本申请为安全检测技术领域,本申请提供一种网络访问的异常判定方法、装置、服务器及其存储介质,所述方法包括预设时间间隔采集终端设备根据网络访问请求所产生的各个相关的特征,根据所述特征形成关于所述终端设备的组合特征集;将所述组合特征集的特征与设定的特征列表进行对比,得到对应的组合特征集的缺失项;根据各个缺失项组成缺失数据,得到对应的网络访问请求的有效性;利用所述有效性,对所述网络访问请求进行异常访问的判定。该方法有利于提高对终端设备当前网络访问的异常判定能力。

Description

网络访问的异常判定方法、装置、服务器及其存储介质
本申请要求于2019年06月28日提交中国专利局、申请号为201910578452.0、发明名称为“网络访问的异常判定方法、装置、服务器及其存储介质”的中国专利申请的优先权,其全部内容通过引用结合在申请中。
技术领域
本申请涉及安全检测技术领域,具体而言,本申请涉及一种网络访问的异常判定方法、装置、服务器及其存储介质。
背景技术
随着各种服务趋向利用网络途径提供,网络的安全性日益受到了更为广泛的关注。在目前危害网络服务安全的主要手段包括网络爬虫,网络爬虫模拟真实用户对网站进行访问。在网络爬虫的干扰下,网站的服务器不容易分辨网络爬虫和正常用户,容易进行错误的判别,从而做出错误的反应。针对上述网络安全问题,现有的方法是通过手机用户在登录网站时关于鼠标的点击和拖动的数据,来判别用户的种类。但该方法所导致对用户类型的错误判别的比例仍较高,通过其得到的判别的结果,仍无法达到准确区分正常用户和网络爬虫的效果。
发明内容
为克服以上技术问题,特别是现有技术中通过终端设备登录网络时用户的使用痕迹数据容易将真实用户判别为异常用户的问题,特提出以下技术方案:
第一方面,本申请提供一种网络访问的异常判定方法,其包括以下步骤:
预设时间间隔采集终端设备根据网络访问请求所产生的各个相关的特征,根据所述特征形成关于所述终端设备的组合特征集,所述特征包括设备类型的相关特征值和系统信息的相关特征值,所述组合特征集与所述特征值互为非线性关系;
将所述组合特征集的特征与设定的特征列表进行对比,得到对应的组合特征集的缺失项;
根据各个缺失项组成缺失数据,得到对应的网络访问请求的有效性;
利用所述有效性,对所述网络访问请求进行异常访问的判定;
其中,所述特征列表包括所述终端设备发起网络访问请求所产生的必要特征;
所述将所述组合特征集的特征与设定的特征列表进行对比,得到对应的组合特征集的缺失项,根据各个缺失项组成缺失数据,得到对应的网络访问请求的有效性,包括:
将所述特征集的特征与设定的特征列表进行对比,得到对应的组合特征集的缺失项的类型和数量;
根据所述缺失项的类型和数量组成的缺失数据,对所述组合特征集的缺失数据组合进行数据分层;
利用所述数据分层,得到对应的网络访问请求的有效性。
在其中一个实施例中,所述根据所述缺失项的类型和数量组成的缺失数据,对所述组合特征集的缺失数据组合进行数据分层,包括:
对所述缺失项的类型和数量组成的缺失数据进行组合;
根据所述组合后的缺失数据,对所述组合特征集的进行数据分层。
在其中一个实施例中,所述利用所述数据分层,得到对应的网络访问请求的有效性的步骤,包括:
根据所述组合特征集的组合后的缺失数据进行的数据分层,训练并得到lightgbm模型;
将待检样本的组合特征集输入所述lightgbm模型进行判定,得到所述待判定样本的组合特征集的异常概率,得到对应网络访问请求的有效性。

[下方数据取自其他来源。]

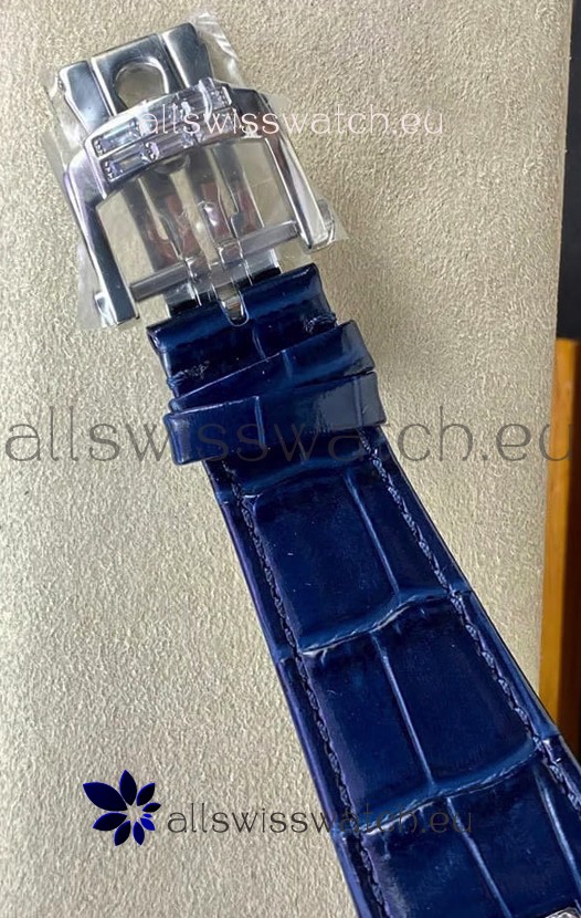 Genuine Black Leather Strap with Folding Patek Philippe Clasp complete with Patek Philippe Markings and Engravings

在其中一个实施例中,所述根据所述组合特征集的组合后的缺失数据进行的数据分层,训练并得到lightgbm模型的步骤之后,还包括:
通过GridSearchCV网络搜索对所述lightgbm模型的参数num_leaves、min_data_in_leaf、max_depth进行自动调参,对所述lightgbm模型进行调节优化。
在其中一个实施例中,所述利用所述有效性,对所述网络访问请求进行异常访问的判定的步骤,包括:
当所述有效性所依据的异常概率大于预设的阈值,判定所述网络访问为异常访问。
第二方面,本申请还提供一种网络访问的异常判定装置,其包括:
特征获取模块,用于预设时间间隔采集终端设备根据网络访问请求所产生的各个相关的特征,根据所述特征形成关于所述终端设备的组合特征集,所述特征包括设备类型的相关特征值和系统信息的相关特征值,所述组合特征集与所述特征值互为非线性关系;
对比模块,用于将所述组合特征集的特征与设定的特征列表进行对比,得到对应的组合特征集的缺失项,其中,所述特征列表包括所述终端设备发起网络访问请求所产生的必要特征;
有效性获取模块,用于根据各个缺失项组成缺失数据,得到对应的网络访问请求的有效性;
判定模块,用于利用所述有效性,对所述网络访问请求进行异常访问的判定;
其中,所述对比模块,还用于将所述特征集的特征与设定的特征列表进行对比,得到对应的组合特征集的缺失项的类型和数量;
所述的有效性获取模块,还用于根据所述缺失项的类型和数量组成的缺失数据,对所述组合特征集的缺失数据组合进行数据分层;利用所述数据分层,得到对应的网络访问请求的有效性。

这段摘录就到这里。